D'un singe malfaisant, et qui par la fenêtre
Jetait le trésor de son maître,
La Fontaine nous a parlé.
Or, voici la fin de l'histoire.
Le pauvre homme pleurait son trésor envolé,
Et le singe avait peur, comme vous pouvez croire.
L'animal alors s'avisa
D'essayer de la ruse et de payer d'audace.
Il regarda son maître en face,
Puis prenant de grands airs, il le moralisa :
- Peut-on d'un vil métal pleurer ainsi la perte,
Et s'appeler homme ! quand moi,
Pauvre singe, j'ai pu le jeter sans émoi
Par la fenêtre encore ouverte.
Un monceau d'or vaut-il un instant de gaieté !
Peut-il racheter une larme !
Il vous ensorcelait, et j'ai rompu le charme.
O mon maître ! la pauvreté,
Croyez-moi, c'est la liberté.
- Sois donc libre, lui dit son maître
En l'attachant à la fenêtre.
Depuis lors il ne lui donna
Rien à manger et rien à boire.
A ce prix, il lui pardonna,
Et le singe, poursuit l'histoire,
Fort amèrement se plaignit
Au maître, qui d'abord ne sembla pas l'entendre,
Puis finalement qui lui dit :
- Moi, j'achète mon pain, je consens à t'en vendre,
As-tu de l'argent ? – Hélas ! non,
Dit le singe. – Oh ! reprit le maître,
Je sais, pour toi l'argent n'est bon
Qu'à jeter par cette fenêtre.
Si pourtant tu veux en gagner,
A travailler, mon cher, il faut te résigner.
- Mais, dit le sapajou, moi, je ne sais rien faire.
- Eh bien ! sois patient, n'étant pas ouvrier :
Quelques bons coups de fouet supportés sans crier
Te formeront le caractère,
Et je veux te payer un denier chaque coup.
- C'est trop peu, dit le singe. – Oh ! c'est encor beaucoup.
Je dois un châtiment à ta belle conduite ;
Te traitant suivant ton mérite,
Je t'indemnise encor, je suis clément et bon.
Le singe refusa, dit-on,
Un jour, deux jours, mais le troisième
La faim le réduisit à demander lui-même
Deux coups de fouet pour un denier.
Le maître se faisait prier ;
Et lorsque l'animal étrillé d'importance
Eut assez de deniers pour payer sa pitance :
- Crois-moi, lui dit le maître, abjure un sot amour
Pour ce métal cher aux esclaves ;
Sache dompter la faim, méprise tes entraves ;
Daigne m'enseigner à ton tour
L'usage de ces biens dont j'ai pleuré la perte :
La fenêtre est encore ouverte.
- De grâce, vendez-moi du pain,
Dit l'animal guéri de sa philosophie,
Et que votre clémence encor me gratifie
De quelques coups de fouet pour me nourrir demain.
Le dédain pour l'argent est fort noble sans doute,
Lorsqu'on le sacrifie à quelque saint devoir ;
Mais pour en bien user, il faut d'abord savoir
Et ce qu'il vaut, et ce qu'il coûte.
Symbole 18 :
Il ne faut pas confondre le désintéressement avec le mépris de l’argent.
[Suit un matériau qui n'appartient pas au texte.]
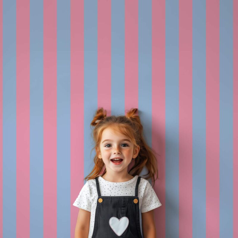 This vertical striped wallpaper combines a light blue with a rich pink, creating a harmonious blend with sweet accents. A vibrant color palette, perfect for bringing joy to a child’s or teenager’s bedroom. Available in wide (9 cm) or narrow (5 cm) stripes, this design adds structure to the space while bringing real personality to your walls. Perfect for brightening up your home. This wallpaper from our Poudrée collection suits all interior styles. A true colorful favorite that won’t go unnoticed!

Le premier est une qualité des grandes âmes, le second est une sottise ou un mensonge.
C’est le prix même de l’argent qui fait la gloire de celui qui donne, car ne pas accepter ce qui nous est dû c’est le donner.
Donner c’est agir en riche, c’est agir en roi, c’est agir en Dieu.
Mais négliger l’argent ou le gaspiller, c’est agir en brute.
L’argent en effet est le signe représentatif de la vie humaine et de toutes ses puissances.
L’argent c’est le travail, c’est la liberté, c’est la civilisation, c’est la justice, c’est le progrès.
Il faut de l’argent pour que la charité accomplisse ses œuvres, pour que Dieu ait un culte, pour que la science vive et se répande.
Celui qui dissipe follement l’argent mérite d’avoir faim et de savoir un jour ce que coûte un morceau de pain.